- WHAT IS REQUIRED: From the first line to the last, restate the data word for word.

START RAW DATA

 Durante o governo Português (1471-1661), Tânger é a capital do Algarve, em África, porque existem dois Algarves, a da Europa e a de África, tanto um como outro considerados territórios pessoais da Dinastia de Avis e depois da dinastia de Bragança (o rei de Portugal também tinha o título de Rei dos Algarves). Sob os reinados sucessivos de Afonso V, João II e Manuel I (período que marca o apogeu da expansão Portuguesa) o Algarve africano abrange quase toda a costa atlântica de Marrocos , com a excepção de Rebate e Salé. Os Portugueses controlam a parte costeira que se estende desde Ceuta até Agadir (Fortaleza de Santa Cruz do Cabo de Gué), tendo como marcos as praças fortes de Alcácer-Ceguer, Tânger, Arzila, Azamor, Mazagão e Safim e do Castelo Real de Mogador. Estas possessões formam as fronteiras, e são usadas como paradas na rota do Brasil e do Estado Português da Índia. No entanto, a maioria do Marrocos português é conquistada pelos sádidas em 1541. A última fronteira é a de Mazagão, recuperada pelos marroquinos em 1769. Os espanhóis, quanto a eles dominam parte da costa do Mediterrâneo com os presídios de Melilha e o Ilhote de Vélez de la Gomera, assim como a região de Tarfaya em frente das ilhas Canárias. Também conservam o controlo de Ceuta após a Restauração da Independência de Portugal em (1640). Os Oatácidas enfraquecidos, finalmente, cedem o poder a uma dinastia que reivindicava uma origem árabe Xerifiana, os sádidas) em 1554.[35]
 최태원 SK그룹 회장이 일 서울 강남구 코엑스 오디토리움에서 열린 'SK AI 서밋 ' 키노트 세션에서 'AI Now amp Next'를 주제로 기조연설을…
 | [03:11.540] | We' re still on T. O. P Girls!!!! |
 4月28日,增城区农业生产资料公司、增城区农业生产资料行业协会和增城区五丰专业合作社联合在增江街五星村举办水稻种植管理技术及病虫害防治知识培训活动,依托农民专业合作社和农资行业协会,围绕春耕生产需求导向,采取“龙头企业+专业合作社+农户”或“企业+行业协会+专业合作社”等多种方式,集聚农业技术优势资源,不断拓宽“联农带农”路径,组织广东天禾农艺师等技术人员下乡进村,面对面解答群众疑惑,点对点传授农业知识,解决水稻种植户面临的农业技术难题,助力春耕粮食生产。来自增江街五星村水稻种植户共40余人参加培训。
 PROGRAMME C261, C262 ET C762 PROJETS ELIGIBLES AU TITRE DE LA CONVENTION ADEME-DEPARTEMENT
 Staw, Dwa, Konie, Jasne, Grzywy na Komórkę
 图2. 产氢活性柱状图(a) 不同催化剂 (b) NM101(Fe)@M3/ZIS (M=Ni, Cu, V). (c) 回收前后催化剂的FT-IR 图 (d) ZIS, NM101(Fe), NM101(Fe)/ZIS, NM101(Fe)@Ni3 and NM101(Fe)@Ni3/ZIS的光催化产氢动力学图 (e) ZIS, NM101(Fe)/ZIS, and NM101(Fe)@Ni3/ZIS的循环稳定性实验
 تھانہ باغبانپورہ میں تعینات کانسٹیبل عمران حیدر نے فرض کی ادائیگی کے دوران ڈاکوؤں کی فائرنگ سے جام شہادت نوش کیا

END RAW DATA

- ANSWER SECTION:
 Durante o governo Português (1471-1661), Tânger é a capital do Algarve, em África, porque existem dois Algarves, a da Europa e a de África, tanto um como outro considerados territórios pessoais da Dinastia de Avis e depois da dinastia de Bragança (o rei de Portugal também tinha o título de Rei dos Algarves). Sob os reinados sucessivos de Afonso V, João II e Manuel I (período que marca o apogeu da expansão Portuguesa) o Algarve africano abrange quase toda a costa atlântica de Marrocos , com a excepção de Rebate e Salé. Os Portugueses controlam a parte costeira que se estende desde Ceuta até Agadir (Fortaleza de Santa Cruz do Cabo de Gué), tendo como marcos as praças fortes de Alcácer-Ceguer, Tânger, Arzila, Azamor, Mazagão e Safim e do Castelo Real de Mogador. Estas possessões formam as fronteiras, e são usadas como paradas na rota do Brasil e do Estado Português da Índia. No entanto, a maioria do Marrocos português é conquistada pelos sádidas em 1541. A última fronteira é a de Mazagão, recuperada pelos marroquinos em 1769. Os espanhóis, quanto a eles dominam parte da costa do Mediterrâneo com os presídios de Melilha e o Ilhote de Vélez de la Gomera, assim como a região de Tarfaya em frente das ilhas Canárias. Também conservam o controlo de Ceuta após a Restauração da Independência de Portugal em (1640). Os Oatácidas enfraquecidos, finalmente, cedem o poder a uma dinastia que reivindicava uma origem árabe Xerifiana, os sádidas) em 1554.[35]
 최태원 SK그룹 회장이 일 서울 강남구 코엑스 오디토리움에서 열린 'SK AI 서밋 ' 키노트 세션에서 'AI Now amp Next'를 주제로 기조연설을…
 | [03:11.540] | We' re still on T. O. P Girls!!!! |
 4月28日,增城区农业生产资料公司、增城区农业生产资料行业协会和增城区五丰专业合作社联合在增江街五星村举办水稻种植管理技术及病虫害防治知识培训活动,依托农民专业合作社和农资行业协会,围绕春耕生产需求导向,采取“龙头企业+专业合作社+农户”或“企业+行业协会+专业合作社”等多种方式,集聚农业技术优势资源,不断拓宽“联农带农”路径,组织广东天禾农艺师等技术人员下乡进村,面对面解答群众疑惑,点对点传授农业知识,解决水稻种植户面临的农业技术难题,助力春耕粮食生产。来自增江街五星村水稻种植户共40余人参加培训。
 PROGRAMME C261, C262 ET C762 PROJETS ELIGIBLES AU TITRE DE LA CONVENTION ADEME-DEPARTEMENT
 Staw, Dwa, Konie, Jasne, Grzywy na Komórkę
 图2. 产氢活性柱状图(a) 不同催化剂 (b) NM101(Fe)@M3/ZIS (M=Ni, Cu, V). (c) 回收前后催化剂的FT-IR 图 (d) ZIS, NM101(Fe), NM101(Fe)/ZIS, NM101(Fe)@Ni3 and NM101(Fe)@Ni3/ZIS的光催化产氢动力学图 (e) ZIS, NM101(Fe)/ZIS, and NM101(Fe)@Ni3/ZIS的循环稳定性实验
 تھانہ باغبانپورہ میں تعینات کانسٹیبل عمران حیدر نے فرض کی ادائیگی کے دوران ڈاکوؤں کی فائرنگ سے جام شہادت نوش کیا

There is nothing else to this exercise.